■ What you are asked to do
Retype the whole listing below exactly, keeping every picture out of it.

■ Dataset records

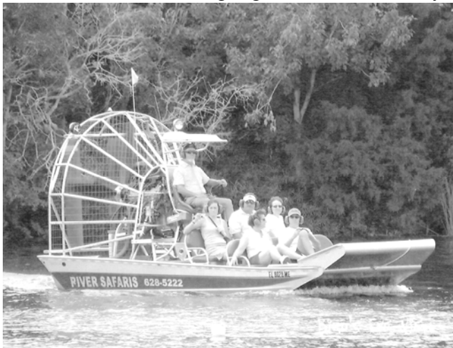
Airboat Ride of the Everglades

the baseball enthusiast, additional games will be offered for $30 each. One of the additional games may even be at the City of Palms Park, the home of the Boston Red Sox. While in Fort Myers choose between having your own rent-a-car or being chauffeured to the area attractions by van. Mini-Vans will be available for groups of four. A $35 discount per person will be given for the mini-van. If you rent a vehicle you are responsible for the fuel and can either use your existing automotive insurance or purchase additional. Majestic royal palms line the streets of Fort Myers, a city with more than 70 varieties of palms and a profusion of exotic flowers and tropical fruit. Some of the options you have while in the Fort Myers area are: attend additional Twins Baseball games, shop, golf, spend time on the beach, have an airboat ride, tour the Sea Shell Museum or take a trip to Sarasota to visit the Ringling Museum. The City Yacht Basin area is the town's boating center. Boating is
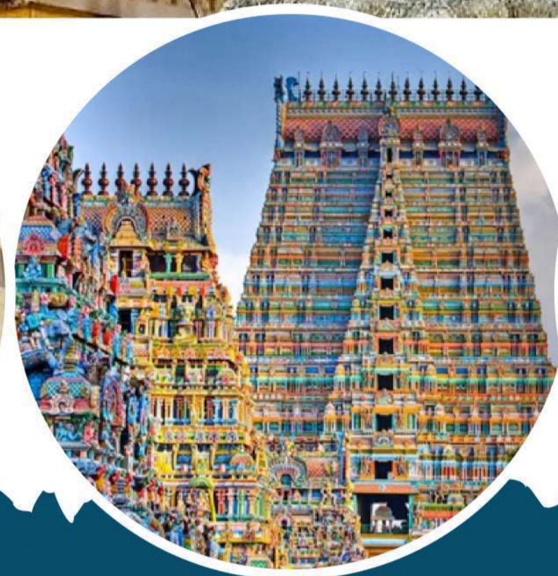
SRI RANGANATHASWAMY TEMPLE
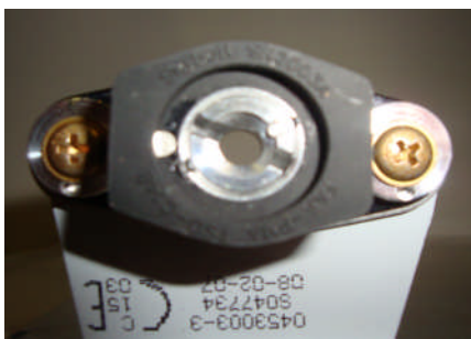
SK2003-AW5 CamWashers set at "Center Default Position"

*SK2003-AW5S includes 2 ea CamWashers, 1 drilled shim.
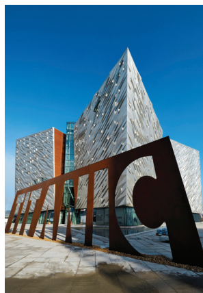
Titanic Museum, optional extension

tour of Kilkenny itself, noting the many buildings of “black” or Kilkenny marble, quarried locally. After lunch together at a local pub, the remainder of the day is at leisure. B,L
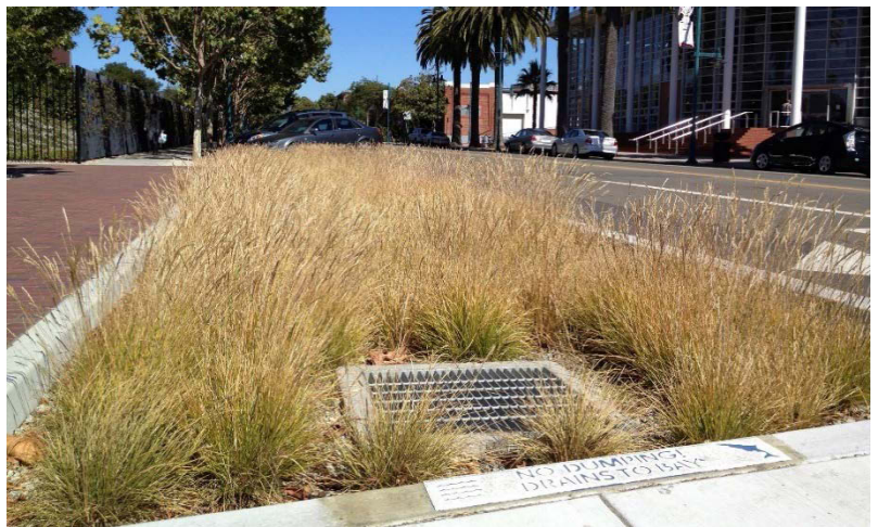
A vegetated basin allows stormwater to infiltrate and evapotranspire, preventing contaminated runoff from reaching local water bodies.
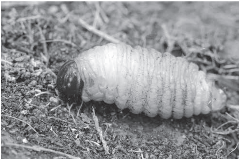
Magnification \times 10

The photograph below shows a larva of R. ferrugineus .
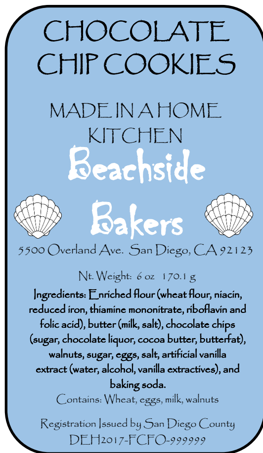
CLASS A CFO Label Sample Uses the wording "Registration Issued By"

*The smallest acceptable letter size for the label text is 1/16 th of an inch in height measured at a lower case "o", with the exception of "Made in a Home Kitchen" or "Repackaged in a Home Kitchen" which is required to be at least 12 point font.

■ Finished task
Airboat Ride of the Everglades

the baseball enthusiast, additional games will be offered for $30 each. One of the additional games may even be at the City of Palms Park, the home of the Boston Red Sox. While in Fort Myers choose between having your own rent-a-car or being chauffeured to the area attractions by van. Mini-Vans will be available for groups of four. A $35 discount per person will be given for the mini-van. If you rent a vehicle you are responsible for the fuel and can either use your existing automotive insurance or purchase additional. Majestic royal palms line the streets of Fort Myers, a city with more than 70 varieties of palms and a profusion of exotic flowers and tropical fruit. Some of the options you have while in the Fort Myers area are: attend additional Twins Baseball games, shop, golf, spend time on the beach, have an airboat ride, tour the Sea Shell Museum or take a trip to Sarasota to visit the Ringling Museum. The City Yacht Basin area is the town's boating center. Boating is
SRI RANGANATHASWAMY TEMPLE
SK2003-AW5 CamWashers set at "Center Default Position"

*SK2003-AW5S includes 2 ea CamWashers, 1 drilled shim.
Titanic Museum, optional extension

tour of Kilkenny itself, noting the many buildings of “black” or Kilkenny marble, quarried locally. After lunch together at a local pub, the remainder of the day is at leisure. B,L
A vegetated basin allows stormwater to infiltrate and evapotranspire, preventing contaminated runoff from reaching local water bodies.
Magnification \times 10

The photograph below shows a larva of R. ferrugineus .
CLASS A CFO Label Sample Uses the wording "Registration Issued By"

*The smallest acceptable letter size for the label text is 1/16 th of an inch in height measured at a lower case "o", with the exception of "Made in a Home Kitchen" or "Repackaged in a Home Kitchen" which is required to be at least 12 point font.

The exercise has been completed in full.